## Activity:
Copy every record below exactly as it stands.

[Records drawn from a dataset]

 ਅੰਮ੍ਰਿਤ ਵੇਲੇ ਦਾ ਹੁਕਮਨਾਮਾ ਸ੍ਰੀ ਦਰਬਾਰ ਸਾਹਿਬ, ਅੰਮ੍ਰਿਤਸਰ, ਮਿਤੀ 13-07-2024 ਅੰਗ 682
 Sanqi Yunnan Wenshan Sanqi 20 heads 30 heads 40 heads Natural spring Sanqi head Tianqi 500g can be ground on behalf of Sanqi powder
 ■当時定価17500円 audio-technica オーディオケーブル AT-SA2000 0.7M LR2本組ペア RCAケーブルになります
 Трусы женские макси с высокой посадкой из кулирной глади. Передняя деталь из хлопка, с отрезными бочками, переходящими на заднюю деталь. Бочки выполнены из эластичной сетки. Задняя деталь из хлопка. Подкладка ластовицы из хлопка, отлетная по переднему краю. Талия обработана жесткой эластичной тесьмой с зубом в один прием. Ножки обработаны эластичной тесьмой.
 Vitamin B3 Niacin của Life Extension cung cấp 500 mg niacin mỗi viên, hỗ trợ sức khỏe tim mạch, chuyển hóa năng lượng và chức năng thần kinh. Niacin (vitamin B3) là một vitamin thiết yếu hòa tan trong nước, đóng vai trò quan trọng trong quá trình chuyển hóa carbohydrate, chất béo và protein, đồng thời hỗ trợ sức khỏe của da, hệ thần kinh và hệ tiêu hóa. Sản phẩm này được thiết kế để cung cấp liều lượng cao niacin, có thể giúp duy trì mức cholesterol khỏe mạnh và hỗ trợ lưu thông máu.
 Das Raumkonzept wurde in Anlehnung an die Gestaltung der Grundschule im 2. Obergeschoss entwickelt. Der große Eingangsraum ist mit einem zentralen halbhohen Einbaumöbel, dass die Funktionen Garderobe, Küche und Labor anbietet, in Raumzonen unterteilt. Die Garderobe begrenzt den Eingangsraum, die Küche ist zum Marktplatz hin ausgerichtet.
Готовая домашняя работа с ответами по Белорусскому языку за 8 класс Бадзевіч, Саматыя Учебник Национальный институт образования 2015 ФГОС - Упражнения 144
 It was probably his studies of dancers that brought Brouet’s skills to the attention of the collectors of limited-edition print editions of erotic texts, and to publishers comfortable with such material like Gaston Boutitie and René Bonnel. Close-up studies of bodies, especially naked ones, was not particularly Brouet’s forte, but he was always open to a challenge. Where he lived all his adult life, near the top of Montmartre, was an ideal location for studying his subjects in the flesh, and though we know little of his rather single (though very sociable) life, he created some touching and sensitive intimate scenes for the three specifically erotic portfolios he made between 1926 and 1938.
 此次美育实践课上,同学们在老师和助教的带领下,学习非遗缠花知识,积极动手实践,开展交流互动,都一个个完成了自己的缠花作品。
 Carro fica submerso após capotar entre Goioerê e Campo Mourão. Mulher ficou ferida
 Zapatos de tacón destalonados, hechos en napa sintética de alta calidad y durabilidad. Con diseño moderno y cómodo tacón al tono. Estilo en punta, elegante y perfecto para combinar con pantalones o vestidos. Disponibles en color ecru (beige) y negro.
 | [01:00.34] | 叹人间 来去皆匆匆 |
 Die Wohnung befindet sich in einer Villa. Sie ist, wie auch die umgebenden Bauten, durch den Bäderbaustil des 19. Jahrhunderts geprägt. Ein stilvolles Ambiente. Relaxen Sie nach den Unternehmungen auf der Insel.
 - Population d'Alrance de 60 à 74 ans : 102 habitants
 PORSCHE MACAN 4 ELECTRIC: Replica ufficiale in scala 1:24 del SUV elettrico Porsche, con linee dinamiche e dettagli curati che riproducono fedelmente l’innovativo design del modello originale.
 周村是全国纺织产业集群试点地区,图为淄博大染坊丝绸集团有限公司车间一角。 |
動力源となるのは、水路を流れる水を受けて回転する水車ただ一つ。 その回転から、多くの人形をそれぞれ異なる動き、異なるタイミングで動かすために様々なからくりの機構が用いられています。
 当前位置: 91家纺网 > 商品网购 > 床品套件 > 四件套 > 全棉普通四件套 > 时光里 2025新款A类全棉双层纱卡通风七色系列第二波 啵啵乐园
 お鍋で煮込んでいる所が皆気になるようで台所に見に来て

## Solution to the problem:
 ਅੰਮ੍ਰਿਤ ਵੇਲੇ ਦਾ ਹੁਕਮਨਾਮਾ ਸ੍ਰੀ ਦਰਬਾਰ ਸਾਹਿਬ, ਅੰਮ੍ਰਿਤਸਰ, ਮਿਤੀ 13-07-2024 ਅੰਗ 682
 Sanqi Yunnan Wenshan Sanqi 20 heads 30 heads 40 heads Natural spring Sanqi head Tianqi 500g can be ground on behalf of Sanqi powder
 ■当時定価17500円 audio-technica オーディオケーブル AT-SA2000 0.7M LR2本組ペア RCAケーブルになります
 Трусы женские макси с высокой посадкой из кулирной глади. Передняя деталь из хлопка, с отрезными бочками, переходящими на заднюю деталь. Бочки выполнены из эластичной сетки. Задняя деталь из хлопка. Подкладка ластовицы из хлопка, отлетная по переднему краю. Талия обработана жесткой эластичной тесьмой с зубом в один прием. Ножки обработаны эластичной тесьмой.
 Vitamin B3 Niacin của Life Extension cung cấp 500 mg niacin mỗi viên, hỗ trợ sức khỏe tim mạch, chuyển hóa năng lượng và chức năng thần kinh. Niacin (vitamin B3) là một vitamin thiết yếu hòa tan trong nước, đóng vai trò quan trọng trong quá trình chuyển hóa carbohydrate, chất béo và protein, đồng thời hỗ trợ sức khỏe của da, hệ thần kinh và hệ tiêu hóa. Sản phẩm này được thiết kế để cung cấp liều lượng cao niacin, có thể giúp duy trì mức cholesterol khỏe mạnh và hỗ trợ lưu thông máu.
 Das Raumkonzept wurde in Anlehnung an die Gestaltung der Grundschule im 2. Obergeschoss entwickelt. Der große Eingangsraum ist mit einem zentralen halbhohen Einbaumöbel, dass die Funktionen Garderobe, Küche und Labor anbietet, in Raumzonen unterteilt. Die Garderobe begrenzt den Eingangsraum, die Küche ist zum Marktplatz hin ausgerichtet.
Готовая домашняя работа с ответами по Белорусскому языку за 8 класс Бадзевіч, Саматыя Учебник Национальный институт образования 2015 ФГОС - Упражнения 144
 It was probably his studies of dancers that brought Brouet’s skills to the attention of the collectors of limited-edition print editions of erotic texts, and to publishers comfortable with such material like Gaston Boutitie and René Bonnel. Close-up studies of bodies, especially naked ones, was not particularly Brouet’s forte, but he was always open to a challenge. Where he lived all his adult life, near the top of Montmartre, was an ideal location for studying his subjects in the flesh, and though we know little of his rather single (though very sociable) life, he created some touching and sensitive intimate scenes for the three specifically erotic portfolios he made between 1926 and 1938.
 此次美育实践课上,同学们在老师和助教的带领下,学习非遗缠花知识,积极动手实践,开展交流互动,都一个个完成了自己的缠花作品。
 Carro fica submerso após capotar entre Goioerê e Campo Mourão. Mulher ficou ferida
 Zapatos de tacón destalonados, hechos en napa sintética de alta calidad y durabilidad. Con diseño moderno y cómodo tacón al tono. Estilo en punta, elegante y perfecto para combinar con pantalones o vestidos. Disponibles en color ecru (beige) y negro.
 | [01:00.34] | 叹人间 来去皆匆匆 |
 Die Wohnung befindet sich in einer Villa. Sie ist, wie auch die umgebenden Bauten, durch den Bäderbaustil des 19. Jahrhunderts geprägt. Ein stilvolles Ambiente. Relaxen Sie nach den Unternehmungen auf der Insel.
 - Population d'Alrance de 60 à 74 ans : 102 habitants
 PORSCHE MACAN 4 ELECTRIC: Replica ufficiale in scala 1:24 del SUV elettrico Porsche, con linee dinamiche e dettagli curati che riproducono fedelmente l’innovativo design del modello originale.
 周村是全国纺织产业集群试点地区,图为淄博大染坊丝绸集团有限公司车间一角。 |
動力源となるのは、水路を流れる水を受けて回転する水車ただ一つ。 その回転から、多くの人形をそれぞれ異なる動き、異なるタイミングで動かすために様々なからくりの機構が用いられています。
 当前位置: 91家纺网 > 商品网购 > 床品套件 > 四件套 > 全棉普通四件套 > 时光里 2025新款A类全棉双层纱卡通风七色系列第二波 啵啵乐园
 お鍋で煮込んでいる所が皆気になるようで台所に見に来て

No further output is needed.